Амалия покачала головой:

– Не обессудьте, но, по-моему, ей выпал худший из всех способов войти в историю.

– Не могу не согласиться, – отозвался Шатогерен. – Если бы не то предсказание, наверное, я бы сумел уговорить мать… или вообще не стал бы ставить ее в известность… Знаете, когда я видел, как Эдит здесь, в санатории, гадает на картах, меня так и подмывало свернуть ей шею.

– Может быть, лучше вернемся к мадам Карнавале? – подтолкнула рассказчика к нужной теме Амалия.

– Я не хотел ее убивать, – признался Шатогерен. – Но после слов старухи ни капли не жалел, что так получилось.

– А ночью вы обыскали комнату пациентки и нашли письмо. Что было потом?

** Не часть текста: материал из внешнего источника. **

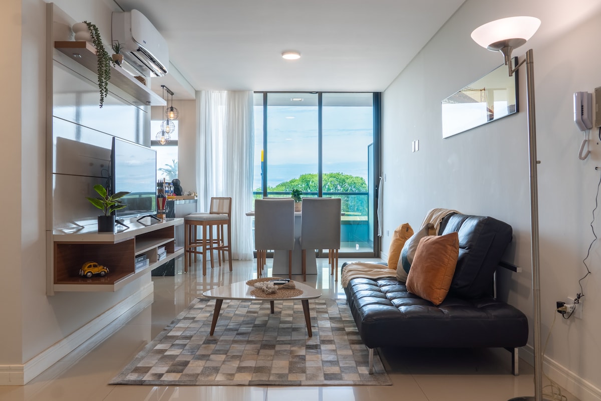 En un edificio que ofrece comodidades como piscina, gimnasio y terraza con vista panorámica. Ubicado en Ciudad del Este, una de las ciudades de mayor crecimiento en Paraguay, este moderno apartamento cuenta con un dormitorio, un baño, cocina equipada, una acogedora sala de estar con sofá cama y Smart TV, y un balcón privado con una impresionante vista de los alrededores.

– Потом я стал думать, что мне пора взять отпуск, – отозвался Шатогерен. – Хотел поехать в Богемию, найти Брюкнера и барона Селени, вызвать их на дуэль и убить. К тому времени я уже не сомневался, что Мари нет в живых, что они убили ее. И тут к нам является посетитель и просит доложить, что к баронессе Корф прибыл… барон Селени. Выходит, судьба уже все решила за меня. И я послал ему записку от вашего имени – мне нравилась мысль выманить его так же, как заговорщики когда-то выманили Мари. Он умер не сразу, но сначала сказал мне остальные имена. Селени тоже, как и вы, думал, что я работаю на французов… или на англичан… Он никак не мог взять в толк, что это мое личное дело. Все складывалось как нельзя лучше, потому что Эстергази привез свою жену в Ниццу, чтобы Гийоме ее обследовал, а Гийоме ничего у нее не нашел… и передал пациентку мне. Конечно, я сразу же узнал королеву, и то, что почти все мои враги оказались в ее свите, меня вполне устроило. Но уже тогда я решил, что не буду драться ни на каких дуэлях, а просто убью их, как они убили Мари. Большего они и не заслуживали. Я стал думать о разных лекарствах, которые в определенной дозе превращаются в яд, но все они могли привести ко мне, потому что я врач. И вдруг я вспомнил о яде змеи, который привез с собой из Африки для исследований. Но яд был старый, я сомневался, что он сохранил былую силу… Надо было на ком-то его испытать. Я хотел дать его кошке, но… мне было жаль убивать животное.